The Lyvro de Plataforma das Fortalezas da India (Book of the Platform of the Fortresses of India), or the Livro da Plataforma das Fortalezas da Índia in modern Portuguese orthography, is a seventeenth-century carthographic book made by Malay-Portuguese author Manuel Godinho de Erédia.

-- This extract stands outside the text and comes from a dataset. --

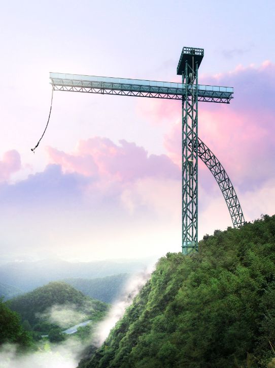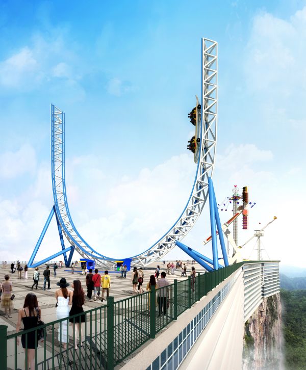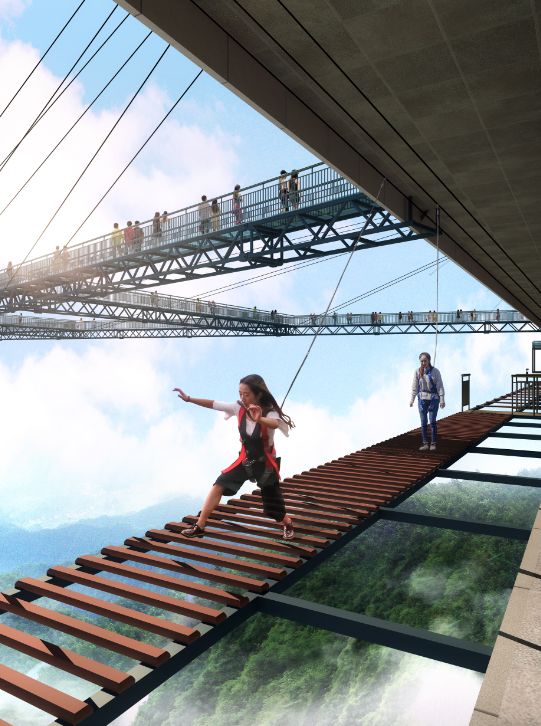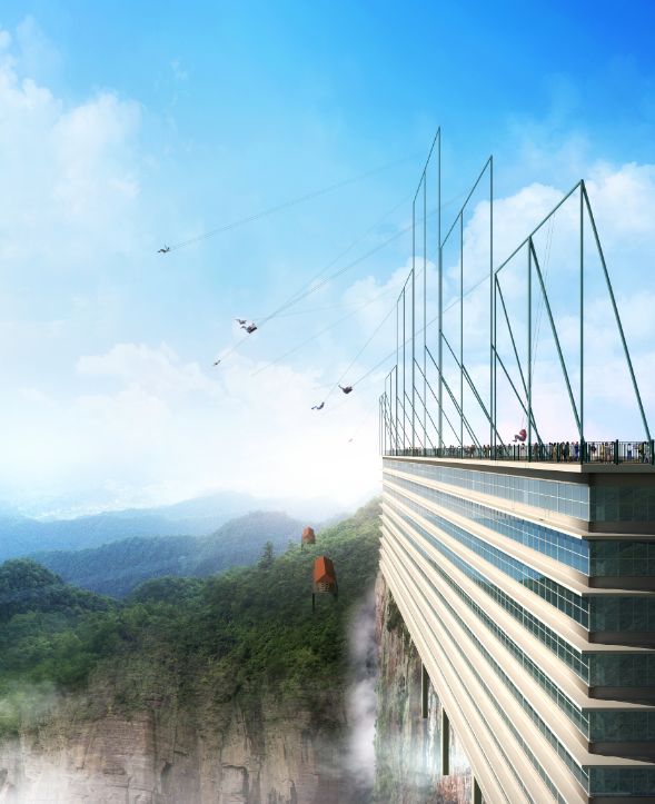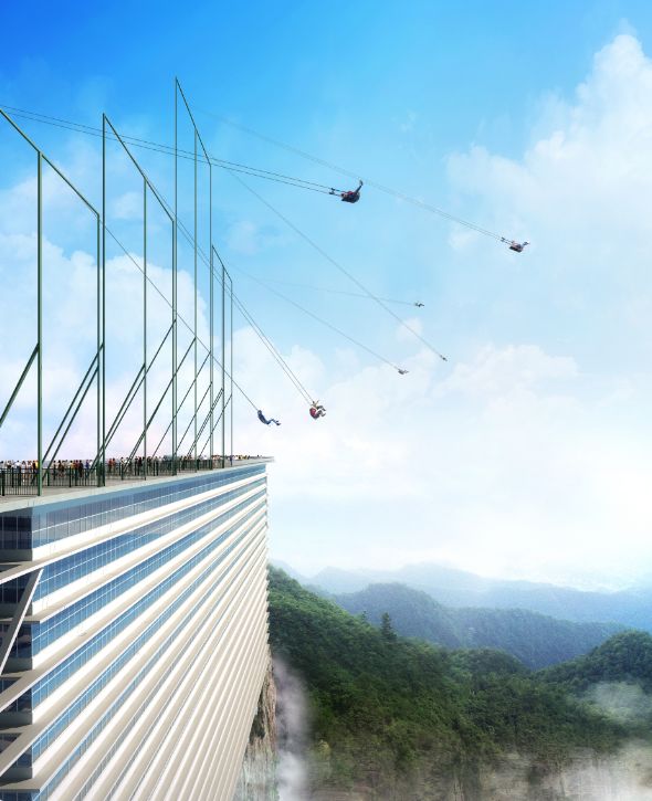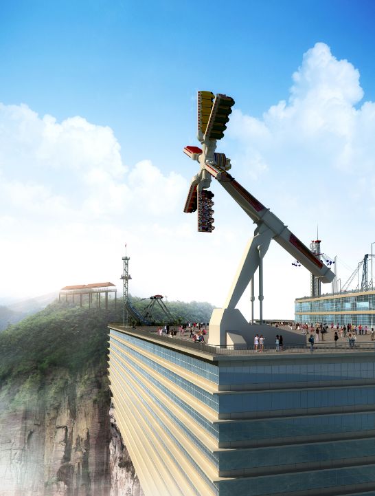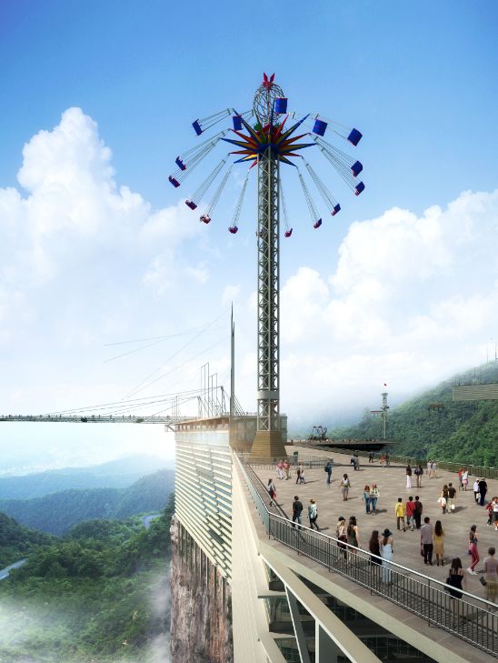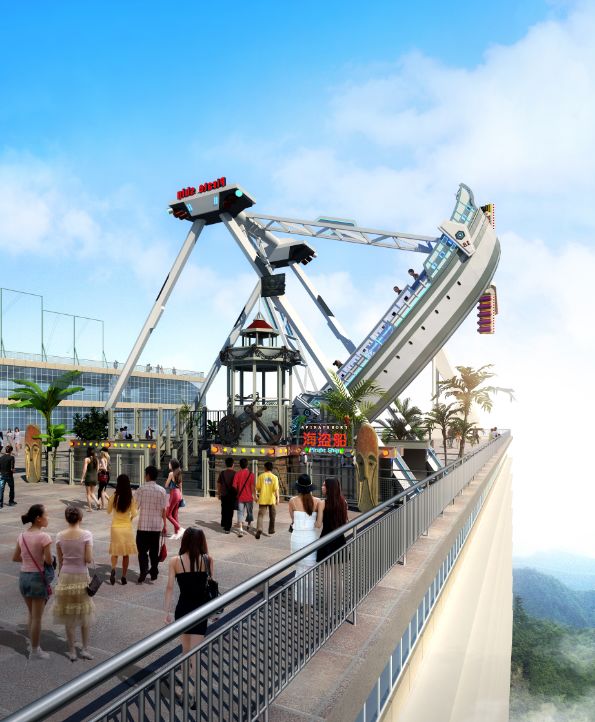 以天空悬廊、悬崖秋千、极速风车、高空飞翔、太空梭、龙门飞翔、火箭蹦极、跳楼机、高空蹦极、狂呼机、悬崖飞碟和过山车为核心构成,形成了奥陶纪独特的高空项目景区IP——

The book is a illustrated account of the Portuguese Territories in East Africa, Middle East, India and East and Southeast Asia in 1620. Along with 25 portraits of the Viceroys and Governors of Portuguese India, the book contains 77 watercolor illustrations of maps and plans of the fortresses of the colonial Portuguese possessions and related places in the East.

==List of Plans==
=== East Africa ===
- Sofala
- General view of Portuguese Mozambique
- Mozambique Island
- Mombasa
- Mombasa Fort

=== Middle East ===
- Qurayyat (Coriate) and Sidab (Cidabo)
- Muttrah (Matarâ)
- Muscat Fort
- Seeb (Sibó)
- Barka (Borca)
- Sohar (Soar)
- Kalba (Quelba) and Khor Fakkan (Corfacão)
- Madha (Mada) and Al Bidya (Libidias)
- Dibba Al-Fujairah (Dubo), Dibba Al-Hisn (Doba) and Dibba Al-Baya (Mocombi)
- Hormuz and environs
- Hormuz Fort
- Basra (Baçorá) and environs
- Bahrain Island (Barem)

=== India ===
- Diu Fort
- Surat and St. Jerome Fort
- Daman Fort
- Sanjan (Sangen) and Dahanu (Danu)
- Chinchani (Chinchana) and Tarapur (Trapor)
- Shirgaon (Sirgão) and Mahim (Maim)
- Agashi (Agacaim), Manora and Janjire-Arnala (Ilha das Vacas, Cows Island)
- Asheri (Serra de Aserim)
- Vasai Fort (Bacaim)
- Mumbai (Mombaim) and Karanja Island (Ilha de Caranja)
- Chaul Fort
- Bardez Region
- Agoada
- Bardez Fort
- Goa City
- Nossa Senhora do Cabo Fort
- São Dormingão Fort
- Salcete Island (Salsete)
- Honnavar Fort (Onor)
- Gangolli Fort (Cambolim)
- Basrur Fort (Barcalor)
- Mangaluru Fort (Mangalor)
- Kannur Fort (Cananor)
- Kottakkal Fort (Cunhale)
- Kollam Fort (Coulan)
- Nagapattinam (Negapatam)
- Santhome Fort
- Pulicat Fort (Daleacate)
- Goa Island

=== Sri Lanka ===
- Mannar Fort
- Sri Lanka Island (Seilam, Ceylon)
- Colombo Fort (Culumbo)
- Negombo (Negumbo)
- Kalutara (Caleture)
- Jaffna Fort (Jafanapatão)
- Galle Fort (Gale)
- Trincomalee (Triquilimale)
- Batticaloa (Batecalou)
- Tenavaram (Tanavare)
- Weligama (Beligão)
- Tavanapatam

=== Maldives ===
- Maldives Islands (Ilhas de Maldiva)

=== Southeast Asia ===
- Malacca
- Malacca Fort
- Malacca Island (Ilha das Naos, Carracks Island)
- Banda Aceh Fort (Fortaleza do Achém)
- Jakarta (Jacatará)
- Molucca Islands (Ilhas do Maluco)
- Banda Islands (Ilha de Bonda) and Ambon Island (Ilha de Aubino)
- Solor
- Ende (Eudevisuor)
- Luzon Island (Ilha de Manilha, Manila Island)

=== East Asia ===
- Macau
- Taiwan Island (Ilha Fermoza, Formosa)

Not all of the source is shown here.